→ Task brief
Drop the images. Copy every line below character for character.

→ Provided material
▶

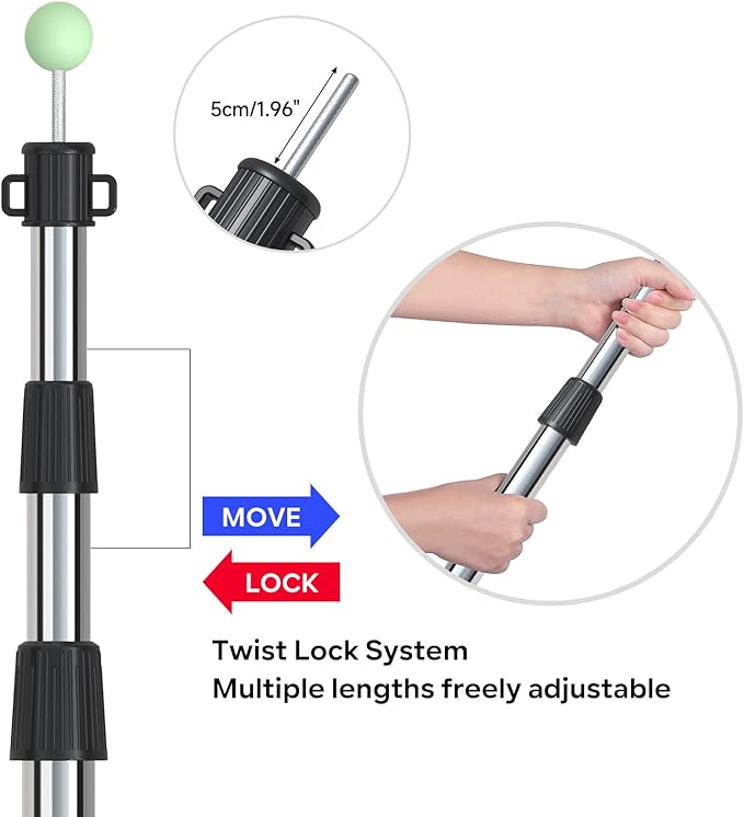 • 【Free Adjustment Design】3 sections adjustable tent poles can be extended from 34.6 inches/3 Feet to 86.6 inches/7.2 Feet in length. It is easily adjust to any length between compact size and extendable size. Rotate to the left to lock the length, rotate to the right to unlock.
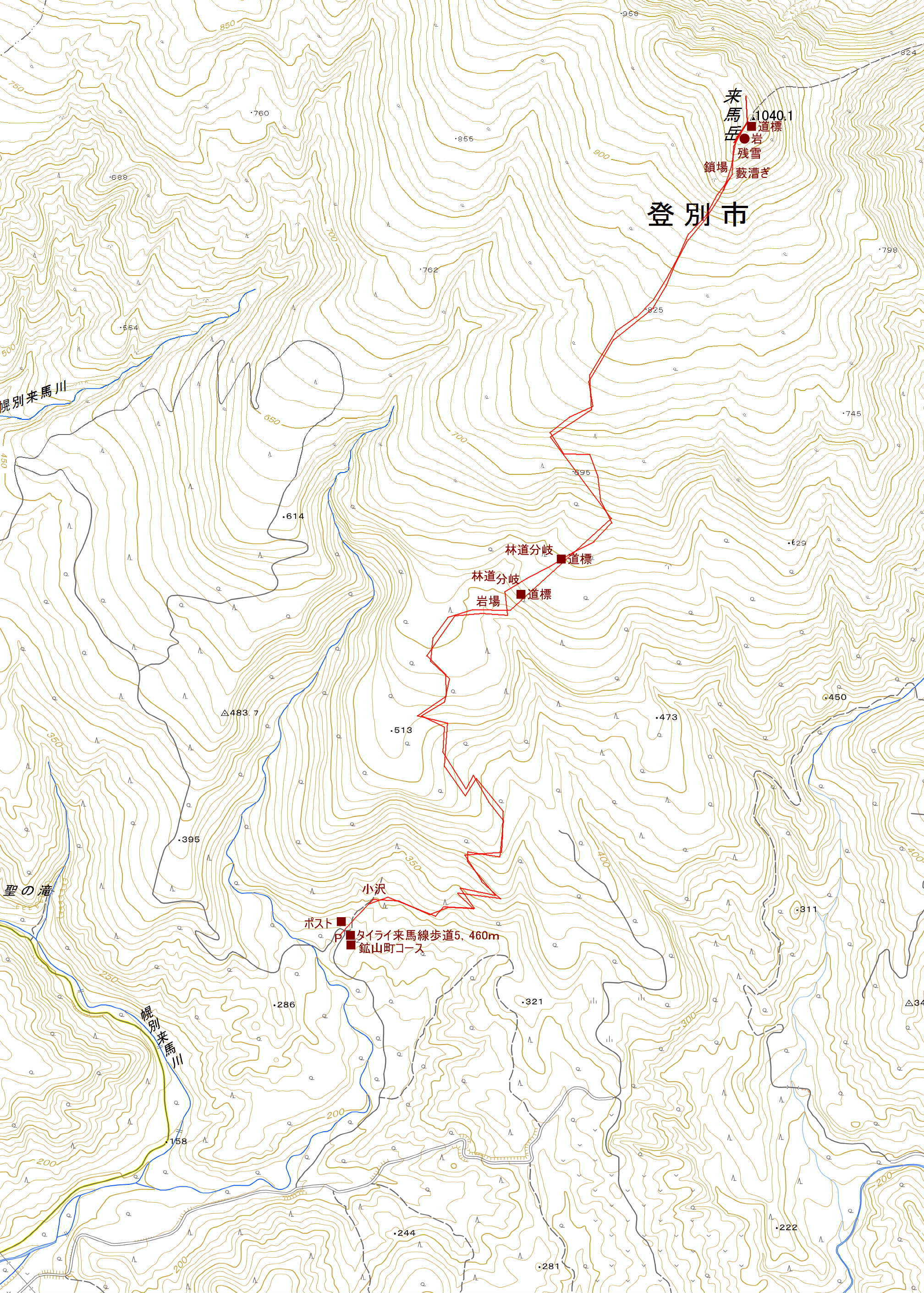 アクセス 登別市の幌別ダムの奥に進むと、鉱山町があり、幌別来馬川に架かる鉱山橋の右手前に看板がある。来馬岳の看板は小さい。 この幌別来馬川沿いの舗装道路を進むと、今度は左手に看板があり、砂利道の林道へ入る。この林道は狭いのと山菜採りの車が多いので、すれ違うときには慎重に。 |
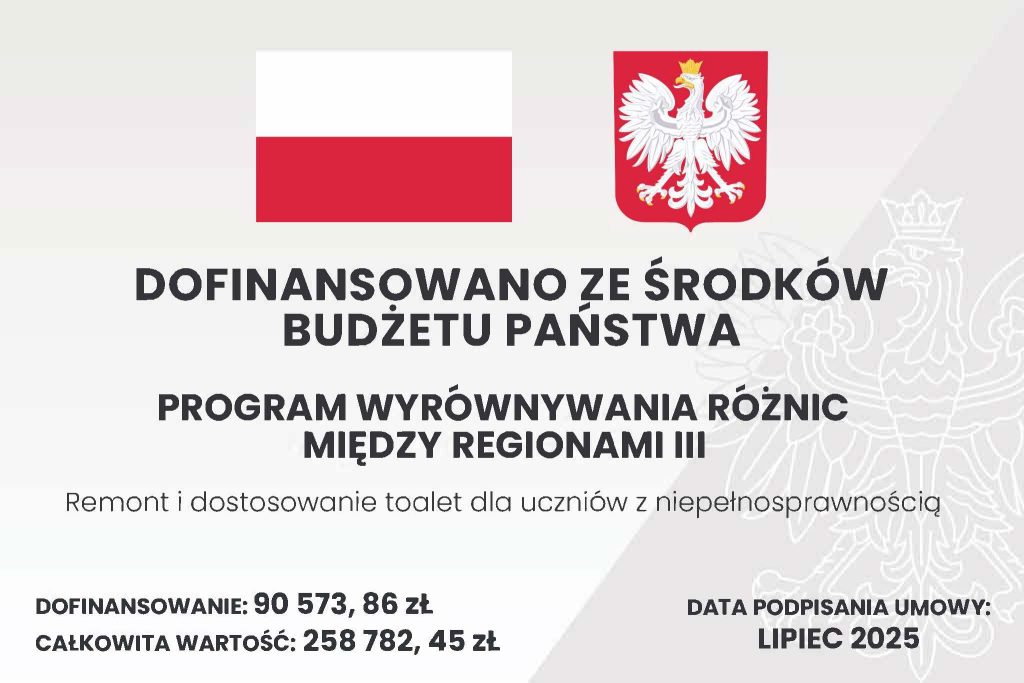 Informacje dotyczące realizowanego projektu „Remont i dostosowanie toalet dla uczniów z niepełnosprawnościami” realizowanego w Powiatowym Zespole Szkół w Błaszkach, dofinansowanego ze środków PFRON, w ramach „Programu wyrównywania różnic między regionami III” w obszarze B:

◀

→ Task result
 • 【Free Adjustment Design】3 sections adjustable tent poles can be extended from 34.6 inches/3 Feet to 86.6 inches/7.2 Feet in length. It is easily adjust to any length between compact size and extendable size. Rotate to the left to lock the length, rotate to the right to unlock.
 アクセス 登別市の幌別ダムの奥に進むと、鉱山町があり、幌別来馬川に架かる鉱山橋の右手前に看板がある。来馬岳の看板は小さい。 この幌別来馬川沿いの舗装道路を進むと、今度は左手に看板があり、砂利道の林道へ入る。この林道は狭いのと山菜採りの車が多いので、すれ違うときには慎重に。 |
 Informacje dotyczące realizowanego projektu „Remont i dostosowanie toalet dla uczniów z niepełnosprawnościami” realizowanego w Powiatowym Zespole Szkół w Błaszkach, dofinansowanego ze środków PFRON, w ramach „Programu wyrównywania różnic między regionami III” w obszarze B:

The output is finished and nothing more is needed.